Hi everyone,

I believe Hive Metastore (HMS) federation is a critical feature for the success 
and widespread
adoption of the project. The reality of the current data lake ecosystem is that 
a vast number of 
organizations have significant footprint in HMS. For Polaris to be the Iceberg 
Rest Catalog (IRC) 
of choice, it needs to meet users where they are. Ignoring the existing HMS 
landscape creates a 
significant barrier to entry for a large portion of our potential user base. We 
have already seen 
requests for this functionality from the community. For instance, there has 
been discussion in the 
Polaris Slack 
(https://apache-polaris.slack.com/archives/C084QSKD6S2/p1744998865663079) 
about the need for HMS integration.

Furthermore, other open-source catalog projects are already moving in this 
direction. Apache
Gravitino has this capability, and Unity Catalog OSS is expected to support HMS 
federation in 
its upcoming 0.4 release. The transition from a traditional HMS to a modern IRC 
is rarely an 
overnight flip. Users will likely operate in a hybrid mode for a considerable 
period, with both 
HMS and an IRC coexisting. Thus, a one-time migration tool is not sufficient. 
By supporting 
federation, we will provide a practical path for users to gradually migrate to 
Polaris.

I understand there may be concerns about pulling in extensive dependencies from 
the HMS 
client. However, these challenges can be managed. We can be selective about the 
dependencies we include and explore ways to minimize the impact on the core 
Polaris project. 
The strategic benefit of enabling a smooth migration path for a huge segment 
far outweighs the 
technical challenge of managing these dependencies. 

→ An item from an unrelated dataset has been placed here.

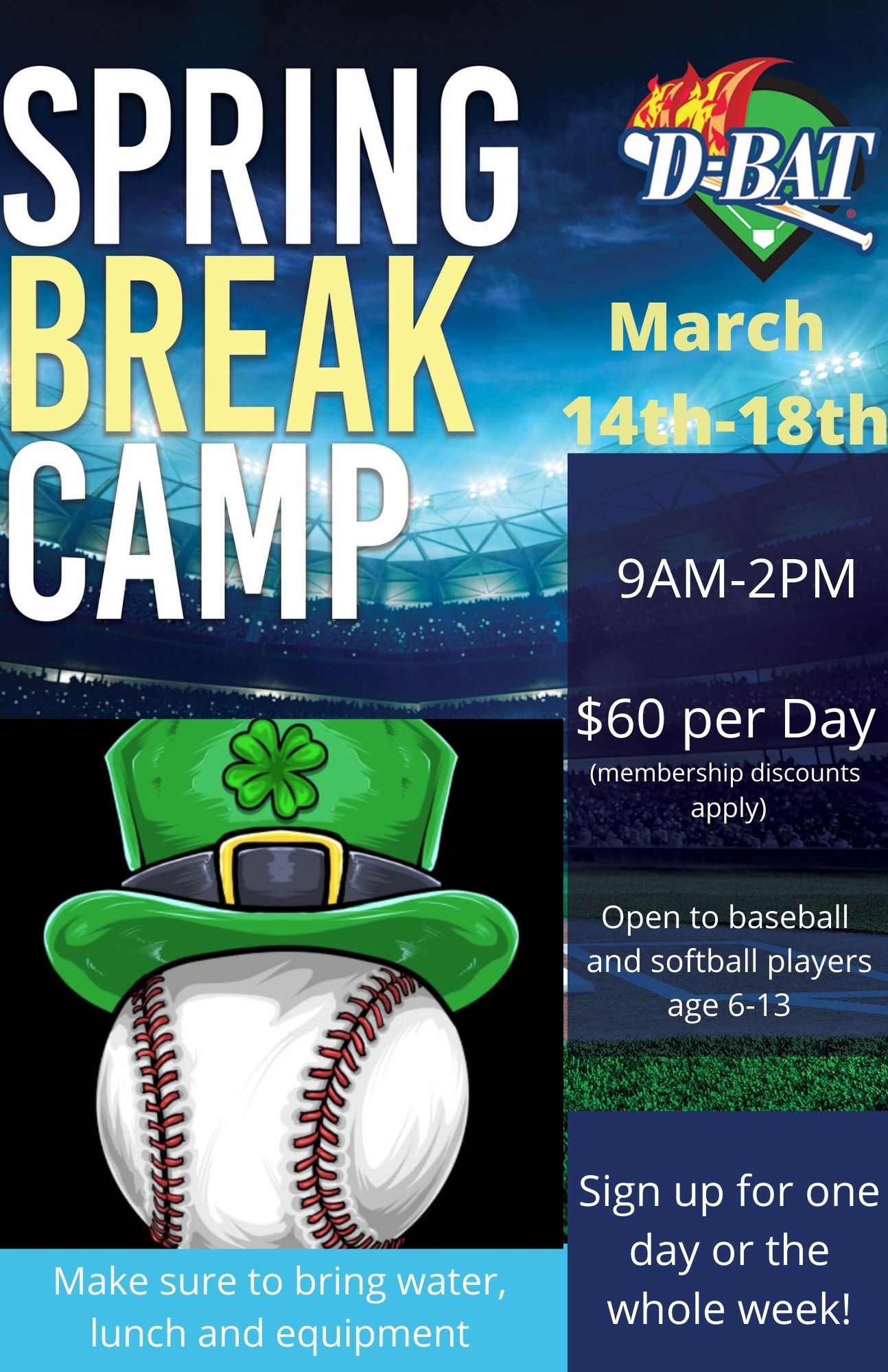 A baseball/softball spring break camp focusing on fundamentals while having a ton of fun. You can sign up for 1 day or 5 days.

With regards to the concern about a single HMS support, we can add LDAP support 
in the next iteration, which will enable Polaris to federate to multiple HMS 
instances. Essentially, Polaris will 
federate to multiple HMS instances, as long as the installations use LDAP 
authentication. The 
existing IMPLICIT auth will enable (experimental/limited) Kerberos support 
without pulling in any 
Kerberos dependencies into the Polaris project.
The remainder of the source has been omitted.